#### What this task involves:
Each and every line below goes into your answer unchanged, but leave out the images.

#### Source data:
* * * *

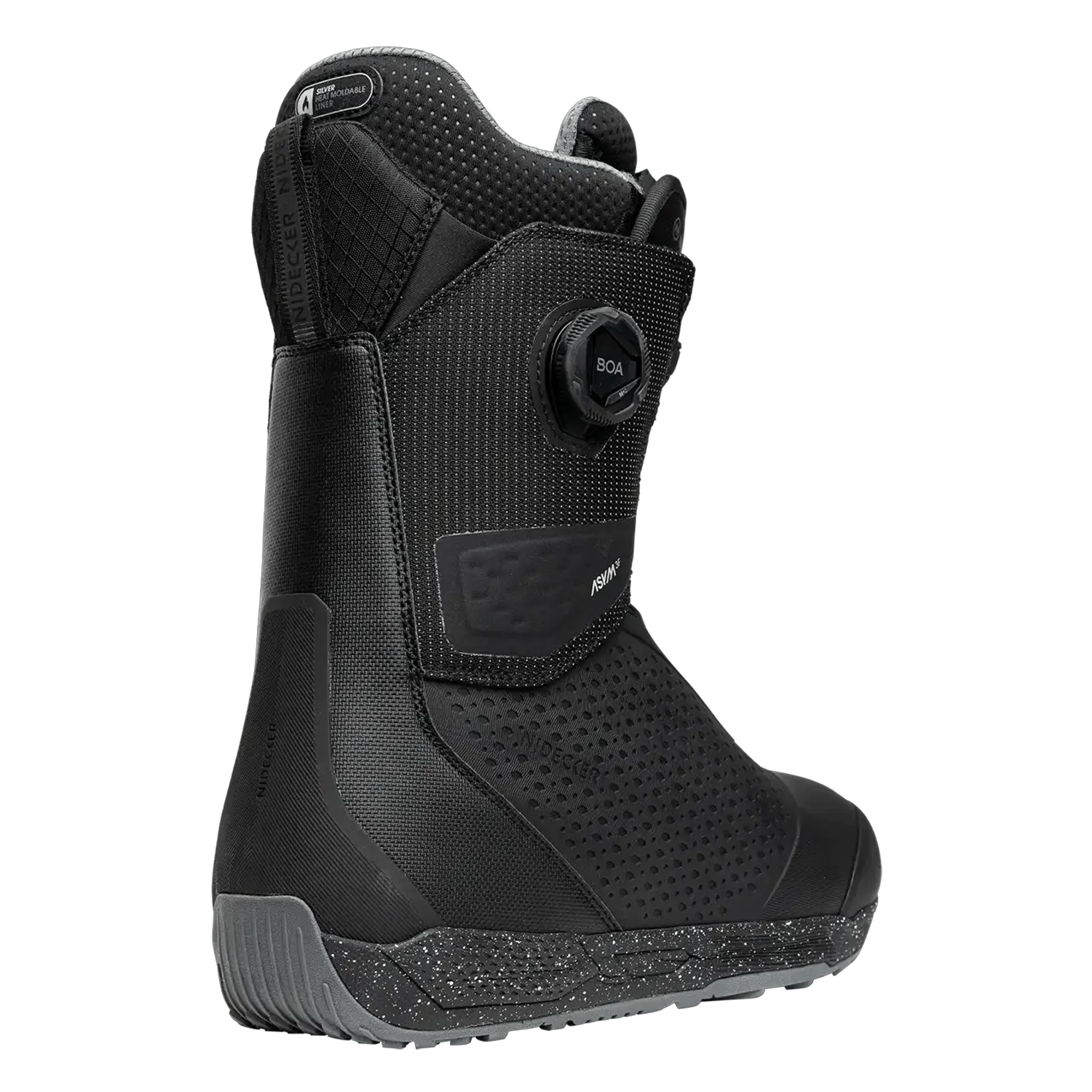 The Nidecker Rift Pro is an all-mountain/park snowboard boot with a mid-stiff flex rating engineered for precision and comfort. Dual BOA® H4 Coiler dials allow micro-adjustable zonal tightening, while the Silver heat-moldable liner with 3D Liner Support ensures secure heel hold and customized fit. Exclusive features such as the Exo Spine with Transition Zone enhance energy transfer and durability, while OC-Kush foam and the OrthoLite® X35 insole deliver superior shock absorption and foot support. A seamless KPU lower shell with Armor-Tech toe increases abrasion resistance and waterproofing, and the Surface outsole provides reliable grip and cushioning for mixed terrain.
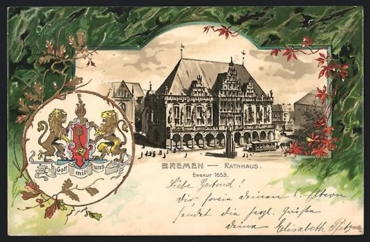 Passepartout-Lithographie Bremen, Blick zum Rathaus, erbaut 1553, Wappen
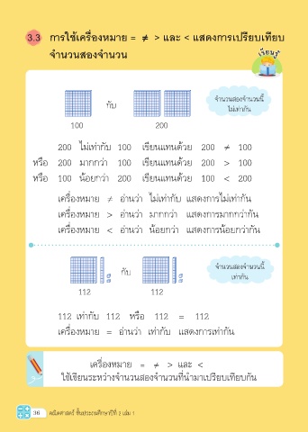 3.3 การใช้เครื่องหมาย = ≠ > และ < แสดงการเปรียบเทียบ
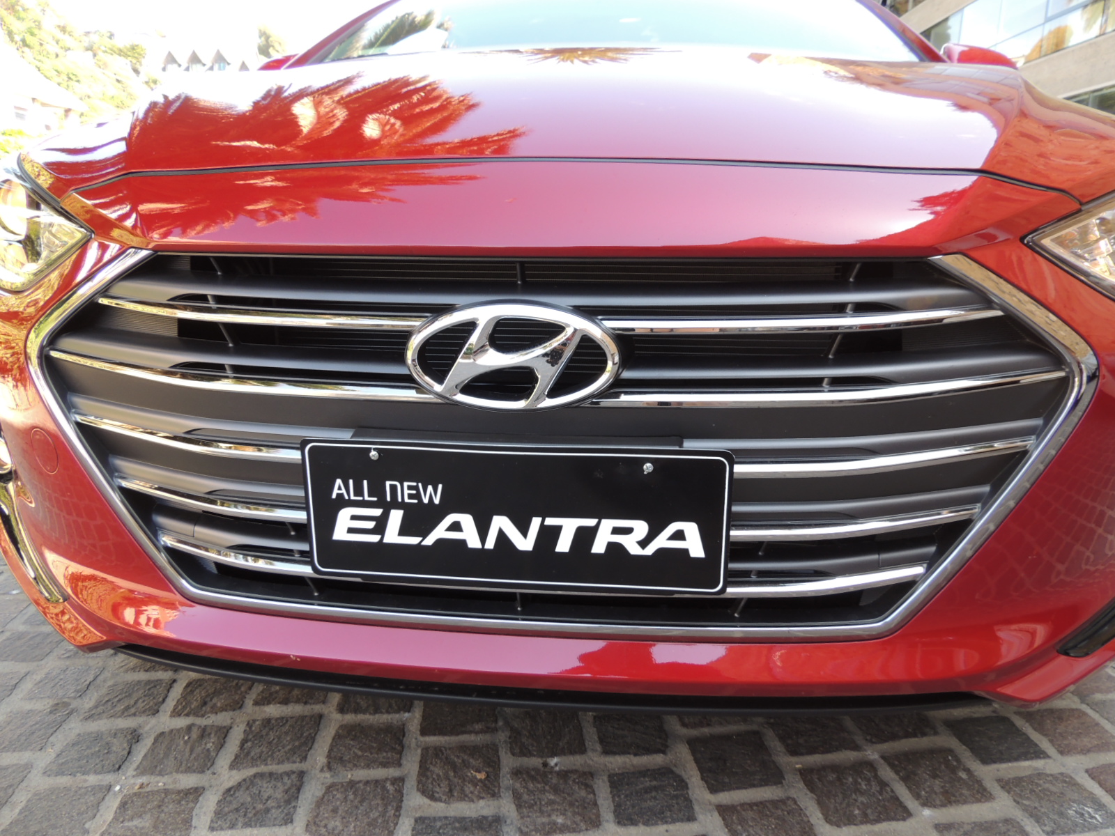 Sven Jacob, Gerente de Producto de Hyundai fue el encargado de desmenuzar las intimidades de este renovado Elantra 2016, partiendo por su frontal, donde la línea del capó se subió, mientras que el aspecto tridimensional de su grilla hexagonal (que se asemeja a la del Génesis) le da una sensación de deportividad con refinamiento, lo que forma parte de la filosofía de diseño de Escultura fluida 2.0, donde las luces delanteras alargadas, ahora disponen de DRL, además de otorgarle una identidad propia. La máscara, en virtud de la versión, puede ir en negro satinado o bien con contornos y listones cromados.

* * * *

#### Exercise solution:
 The Nidecker Rift Pro is an all-mountain/park snowboard boot with a mid-stiff flex rating engineered for precision and comfort. Dual BOA® H4 Coiler dials allow micro-adjustable zonal tightening, while the Silver heat-moldable liner with 3D Liner Support ensures secure heel hold and customized fit. Exclusive features such as the Exo Spine with Transition Zone enhance energy transfer and durability, while OC-Kush foam and the OrthoLite® X35 insole deliver superior shock absorption and foot support. A seamless KPU lower shell with Armor-Tech toe increases abrasion resistance and waterproofing, and the Surface outsole provides reliable grip and cushioning for mixed terrain.
 Passepartout-Lithographie Bremen, Blick zum Rathaus, erbaut 1553, Wappen
 3.3 การใช้เครื่องหมาย = ≠ > และ < แสดงการเปรียบเทียบ
 Sven Jacob, Gerente de Producto de Hyundai fue el encargado de desmenuzar las intimidades de este renovado Elantra 2016, partiendo por su frontal, donde la línea del capó se subió, mientras que el aspecto tridimensional de su grilla hexagonal (que se asemeja a la del Génesis) le da una sensación de deportividad con refinamiento, lo que forma parte de la filosofía de diseño de Escultura fluida 2.0, donde las luces delanteras alargadas, ahora disponen de DRL, además de otorgarle una identidad propia. La máscara, en virtud de la versión, puede ir en negro satinado o bien con contornos y listones cromados.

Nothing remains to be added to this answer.